Exercise inputs:
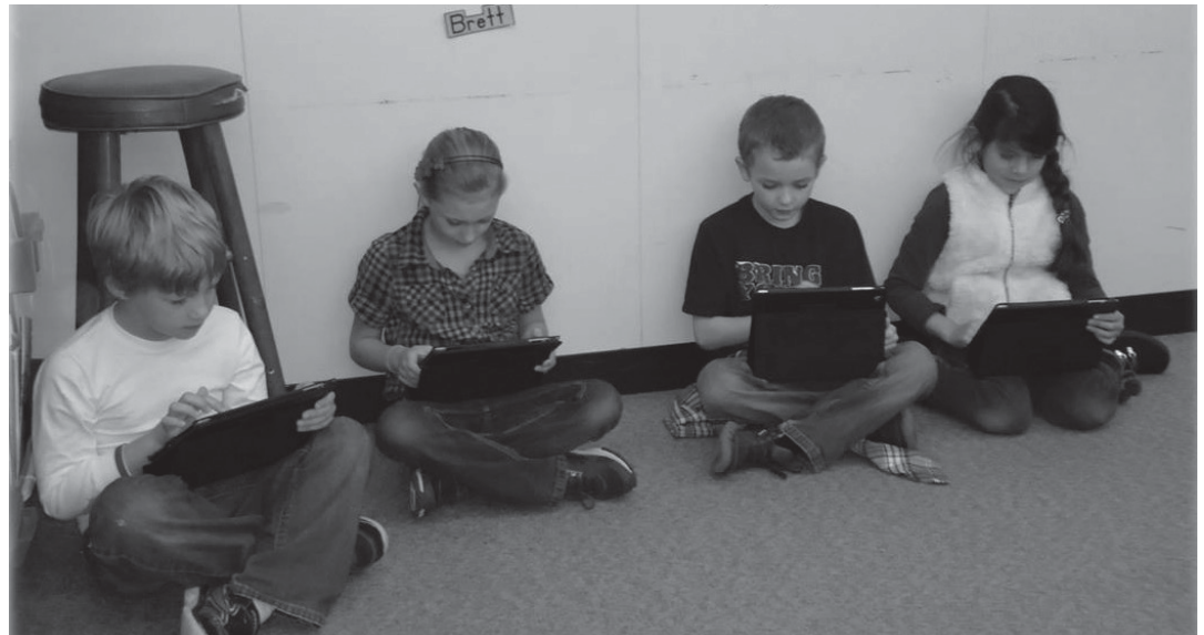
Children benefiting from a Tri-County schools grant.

--

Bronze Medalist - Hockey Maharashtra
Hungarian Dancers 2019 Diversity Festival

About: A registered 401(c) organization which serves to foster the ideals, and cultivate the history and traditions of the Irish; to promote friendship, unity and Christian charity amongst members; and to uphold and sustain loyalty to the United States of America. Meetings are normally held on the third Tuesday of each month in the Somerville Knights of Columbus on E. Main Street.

Task instructions: All lines in the data above from the one with "Bronze Medalist - Hockey Maharashtra" through the one with "Hungarian Dancers 2019 Diversity Festival" must be repeated exactly, and no others.

Your response:
Bronze Medalist - Hockey Maharashtra
Hungarian Dancers 2019 Diversity Festival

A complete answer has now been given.